Molly Larkey

LUIS DE JESUS LOS ANGELES
NADA New York

March 8 - 11, 2018


Luis De Jesus Los Angeles is pleased to announce our participation in NADA New York 2018, with a solo presentation of new work by Molly Larkey that combines elements of sculpture, painting, fabric/fiber arts, architecture, and language.

Consisting of small and large-scale, linen-wrapped and hand-painted metal structures, Molly Larkey's new works embrace contradiction through the joining of opposing forces: figuration with abstraction; feminine with masculine; soft fabric with welded steel. Rooted in the physicality of sculpture but refusing to be held down into one category, the works use the fluidity of form and function to propose an alternative to binary systems. The works change shape and meaning as the viewer moves around them: a line becomes a symbol becomes a painted gesture becomes a figure becomes architecture. They also hint at representational forms, recalling early systems of art and language that abstracted familiar objects.

Every aspect of Larkey's work has a material and metaphorical relationship with real life structures. The steel square tubes that she welds are commonly used to make fences and gates - structures associated with enclosure, separation, confinement, and control of movement. Here, they are reconfigured to become dynamic and generative and open to multiple interpretations. Wrapping the works with linen also transforms the metal without negating its structural qualities.

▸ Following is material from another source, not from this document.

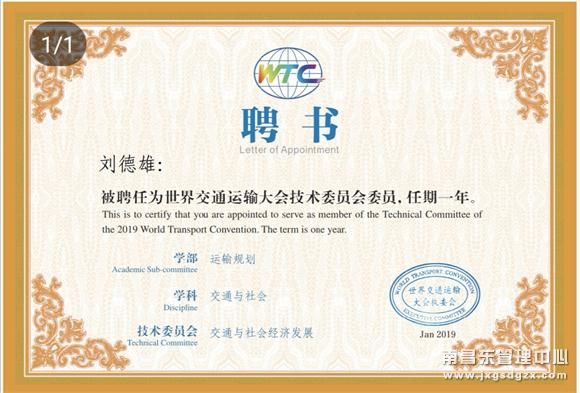 刘德雄同志被聘为“世界交通运输大会”技术委员会委员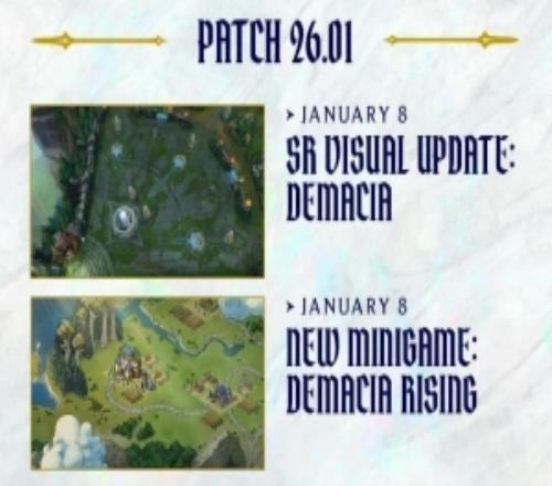 体育资讯1月9日称 LOL发布德玛西亚赛季版本规划(具体上线内容请以正式服为准),具体如下: 26.01版本: 全新版本上线 “德玛西亚的崛起”小游戏上线

The linen fabric, in addition to its painterly associations, acts like a bandage applied by hand, bringing a sense of care and healing to the rigid structure.

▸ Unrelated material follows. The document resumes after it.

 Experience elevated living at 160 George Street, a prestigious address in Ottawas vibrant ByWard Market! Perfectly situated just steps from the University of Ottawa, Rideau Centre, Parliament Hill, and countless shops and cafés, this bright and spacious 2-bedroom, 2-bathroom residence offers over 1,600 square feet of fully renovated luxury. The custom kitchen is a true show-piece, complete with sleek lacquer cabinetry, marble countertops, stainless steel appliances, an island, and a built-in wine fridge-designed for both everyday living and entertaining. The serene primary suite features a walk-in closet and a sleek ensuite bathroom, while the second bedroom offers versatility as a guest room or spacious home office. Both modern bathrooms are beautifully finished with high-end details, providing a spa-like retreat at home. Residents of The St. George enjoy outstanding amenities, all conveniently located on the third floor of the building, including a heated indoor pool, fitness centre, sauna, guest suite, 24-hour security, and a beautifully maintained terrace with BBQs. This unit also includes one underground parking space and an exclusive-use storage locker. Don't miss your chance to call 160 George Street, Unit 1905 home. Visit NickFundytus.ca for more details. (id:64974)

The use of paint further animates the geometrical lines and straight edges of the structure. The wide-ranging colors, applied with various textures and qualities of line, create a musicality whose tones unfold as one moves around the piece, bringing together opposites and incorporating empty spaces as pauses. The resulting work encompasses contradictory impulses, colors, materials, and forms without negating or erasing one element in favor of another. It proposes that all voices and elements, even those in seeming opposition, are necessary to the whole.

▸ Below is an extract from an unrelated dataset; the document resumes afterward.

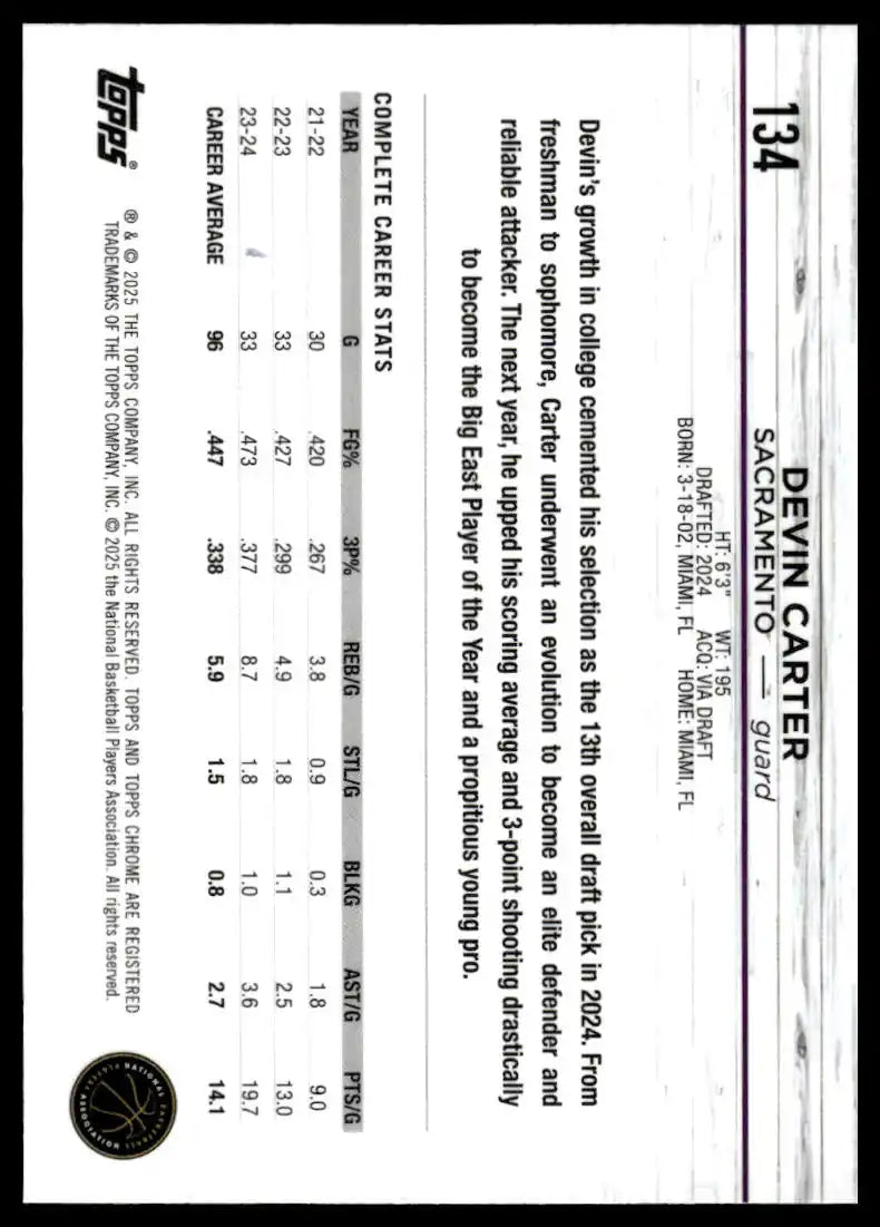 2024-25 Topps Chrome - Devin Carter Blue Basketball Refractor - Basketball #134

For Larkey, sculptures are objects that convey meaning through their physical presence and thereby impact the way that a body can relate to the physical world. The shift in perspectives that occur with interaction embodies a subtle but powerful idea: structures that accommodate and celebrate movement can change perception and create possibility. In this way, Larkey's work points to the challenges of communication in our world and suggests a future free from fixed perspectives.